*WHAT IS EXPECTED*
Reproduce the listing in full. Omit the pictures.

*DATA EXCERPT*

**********

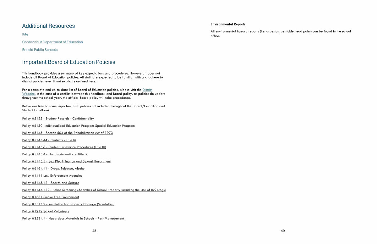 This handbook provides a summary of key expectations and procedures. However, it does not include all Board of Education policies. All staff are expected to be familiar with and adhere to district policies, even if not explicitly outlined here.
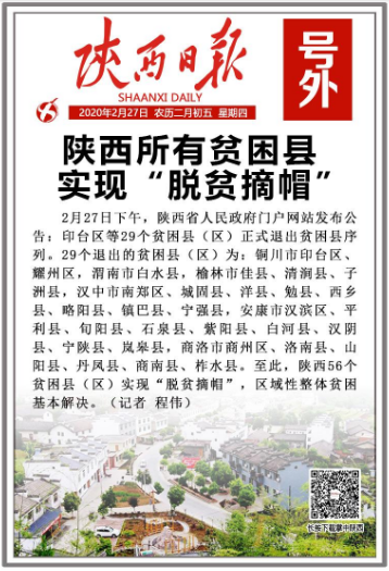 2月27日,陜西省人民政府門戶網(wǎng)站發(fā)布公告:經(jīng)省政府批復(fù)同意,印臺(tái)區(qū)等29個(gè)貧困縣(區(qū))正式退出貧困縣序列。這是繼2017年延長(zhǎng)縣等4個(gè)縣(區(qū))和2018年周至縣等23個(gè)縣退出之后,陜西脫貧攻堅(jiān)取得的又一次決定性勝利。至此,陜西56個(gè)貧困縣(區(qū))實(shí)現(xiàn)“脫貧摘帽”,區(qū)域性整體貧困基本解決。
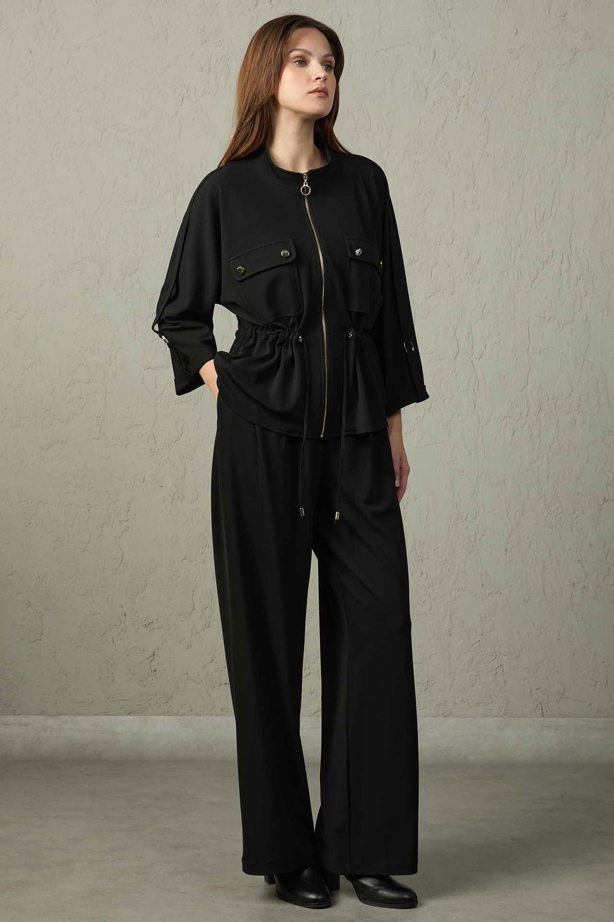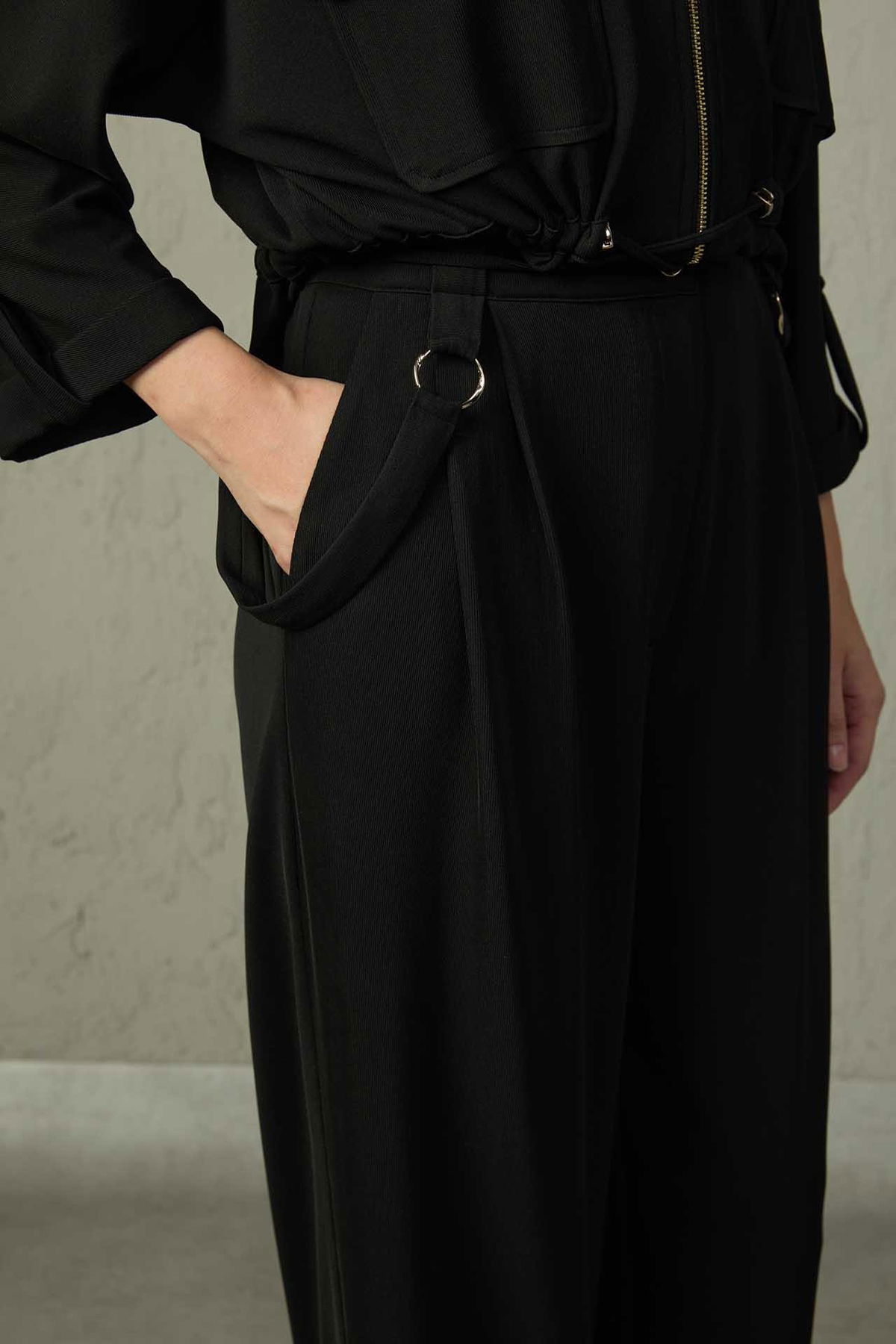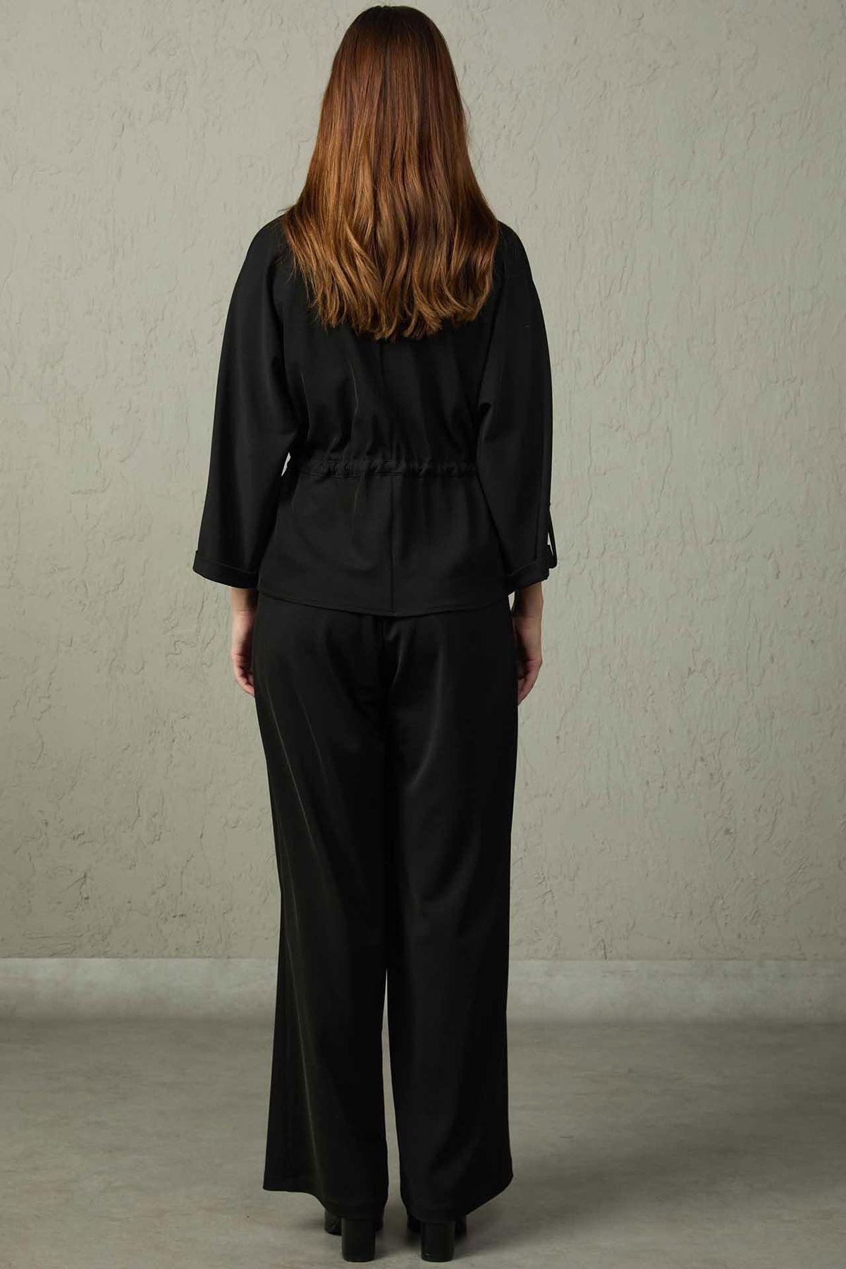 Detay: Yandan süs köprülü, arka bel lastikli, bol paça, önden pileli, çift cepli, fermuar ve çift düğme kapamalı pantolon; modern kesimiyle rahatlığı ön plana çıkarırken zarif detaylarıyla şıklığı tamamlar. Bel kısmındaki lastik yapısı konfor sağlarken, önden pileli ve bol paça tasarım özgür bir duruş kazandırır. Çift cep ve fermuar-düğme kapama özelliği ise hem işlevsellik hem de estetik açıdan pantolonu gardırobun vazgeçilmez parçalarından biri haline getirir;

**********

*ANSWER TO THIS PROBLEM*
 This handbook provides a summary of key expectations and procedures. However, it does not include all Board of Education policies. All staff are expected to be familiar with and adhere to district policies, even if not explicitly outlined here.
 2月27日,陜西省人民政府門戶網(wǎng)站發(fā)布公告:經(jīng)省政府批復(fù)同意,印臺(tái)區(qū)等29個(gè)貧困縣(區(qū))正式退出貧困縣序列。這是繼2017年延長(zhǎng)縣等4個(gè)縣(區(qū))和2018年周至縣等23個(gè)縣退出之后,陜西脫貧攻堅(jiān)取得的又一次決定性勝利。至此,陜西56個(gè)貧困縣(區(qū))實(shí)現(xiàn)“脫貧摘帽”,區(qū)域性整體貧困基本解決。
 Detay: Yandan süs köprülü, arka bel lastikli, bol paça, önden pileli, çift cepli, fermuar ve çift düğme kapamalı pantolon; modern kesimiyle rahatlığı ön plana çıkarırken zarif detaylarıyla şıklığı tamamlar. Bel kısmındaki lastik yapısı konfor sağlarken, önden pileli ve bol paça tasarım özgür bir duruş kazandırır. Çift cep ve fermuar-düğme kapama özelliği ise hem işlevsellik hem de estetik açıdan pantolonu gardırobun vazgeçilmez parçalarından biri haline getirir;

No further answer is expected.